Financial statements and other supplementary information of the FRS are included in the State’s
Comprehensive Annual Financial Report, which is available from the Florida Department of Financial
Services. An annual report on the FRS, which includes its financial statements, required supplementary
information, actuarial report, and other relevant information, is available from the Florida Department of
Management Services, Division of Retirement.
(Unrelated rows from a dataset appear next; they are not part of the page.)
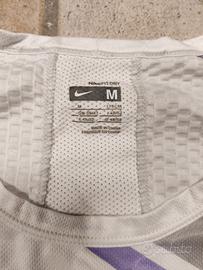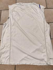 Canottiera Nike da tennis, modello utilizzato da Nadal per Wimbledon 2007. Bianca con dettagli grigi e viola. Usata ma ancora in buone condizioni, taglia M.
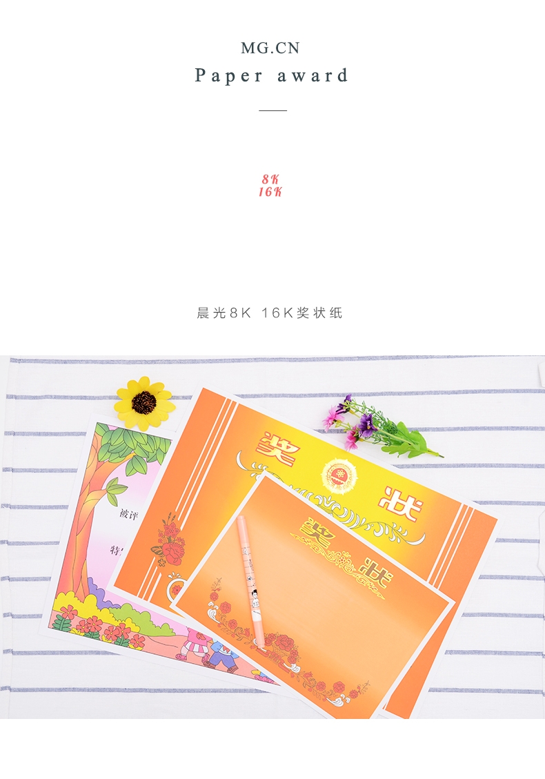晨光文具奖状幼儿园花篮光荣花奖状16开 一包50张 16K/ASC99367
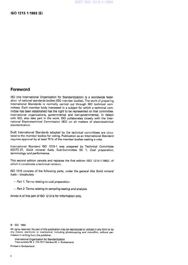 ISO 1213-1:1993 is a standard published by the International Organization for Standardization (ISO). Its full title is "Solid mineral fuels — Vocabulary — Part 1: Terms relating to coal preparation". This standard covers: Defines, in English, 420 terms commonly employed in coal preparation under the following headlines: general terms, sizing, cleaning, separation of solids from water or air, size reduction, expression of results, blending and homogenization, automatic control.

State University System Optional Retirement Program
. Section 121.35, Florida Statutes, provides for
an Optional Retirement Program (Program) for eligible university instructors and administrators. The
Program is designed to aid State universities in recruiting employees by offering more portability to
employees not expected to remain in the FRS for six or more years.
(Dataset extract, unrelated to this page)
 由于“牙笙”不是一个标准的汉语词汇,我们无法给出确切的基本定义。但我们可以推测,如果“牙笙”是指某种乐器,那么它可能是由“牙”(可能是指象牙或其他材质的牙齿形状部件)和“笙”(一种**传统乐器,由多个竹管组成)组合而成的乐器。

The Program is a defined contribution plan, which provides full and immediate vesting of all contributions
submitted to the participating companies on behalf of the participant. Employees in eligible positions can
make an irrevocable election to participate in the Program, rather than the FRS, and purchase retirement
and death benefits through contracts provided by certain insurance carriers. The employing university
contributes on behalf of the participant 10.43 percent of the participant’s salary, less a small amount used
to cover administrative costs. The remaining contribution is invested in the company or companies
selected by the participant to create a fund for the purchase of annuities at retirement. The participant may
contribute, by payroll deduction, an amount not to exceed the percentage contributed by the university to
the participant’s annuity account.
There were 2,435 University participants during the 2007-08 fiscal year. Required employer contributions


made to the Program totaled $15,708,222 and employee contributions totaled $7,203,301.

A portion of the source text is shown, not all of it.